2. Sustainable development is now mainstreamed across government.
Defra Ministers are now claiming that sustainable development has been embedded in every department. In other words, no specialist capability at the centre is any longer required, simply because the Government ‘gets it’.
Like hell it does. To hear Caroline Spelman, Secretary of State in Defra make such a totally fatuous claim after a few weeks in power is irritating beyond belief. She clearly knows nothing of the constant slog required (of the SDC and many other organisations) to achieve the limited traction that is all that can be laid claim to today.

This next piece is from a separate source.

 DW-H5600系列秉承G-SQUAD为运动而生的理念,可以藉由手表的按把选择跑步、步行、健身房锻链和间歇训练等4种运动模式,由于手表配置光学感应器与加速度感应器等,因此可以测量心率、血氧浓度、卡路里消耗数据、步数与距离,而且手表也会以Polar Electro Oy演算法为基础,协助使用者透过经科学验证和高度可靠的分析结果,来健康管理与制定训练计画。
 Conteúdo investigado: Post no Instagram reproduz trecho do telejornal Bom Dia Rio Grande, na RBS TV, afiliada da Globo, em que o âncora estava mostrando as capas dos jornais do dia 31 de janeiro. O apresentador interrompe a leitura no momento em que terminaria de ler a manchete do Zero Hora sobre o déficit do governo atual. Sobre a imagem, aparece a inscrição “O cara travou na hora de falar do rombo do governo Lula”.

There’s a rich irony here. The SDC is a UK-wide body. Neither Wales nor Scotland was in favour of getting rid of the Commission, no doubt because both Countries have done an infinitely better job than Whitehall on ‘mainstreaming’ sustainable development.
3. It will avoid duplication
This is a bit trickier, simply because the SDC does a number of different things. It advises Ministers – and there are indeed lots of other people who do that. But rarely if ever from an integrated sustainable development perspective. It helps countless public sector bodies (from the Audit Commission to the Department of Education, from Local Authorities to Primary Care Trusts in the NHS) to make sense of sustainable development, and no other government body does any of that. And it scrutinises government performance on a completely independent basis across the whole sustainable development agenda – not just on climate change. And no other body does that.
4. Sustainable development is too important to delegate to an external body
It’s worth recording Caroline Spelman’s actual words here:
“Together with Chris Huhne, I am determined to take the lead role in driving the sustainable agenda across the whole of government, and I’m not willing to delegate this responsibility to an external body.”
Even after nine years working with dozens of Government Ministers, I’m astonished at such utterly brazen cynicism. The only thing Mrs Spelman has done so far as Secretary of State at Defra is publish a new strategy for the Department. This has not one serious reference to sustainable development in it. Such is the depth of her concern.
If Defra’s next step is to get rid of what’s left of it’s own internal Sustainable Development Unit, then it will have literally no capacity to ‘drive the sustainable agenda’ even within Defra, let alone ‘across the whole of government’. And how can you drive anything if you haven’t the first clue what it actually means? And it just got rid of the only part of the system capable of providing you with a basic primer for beginners?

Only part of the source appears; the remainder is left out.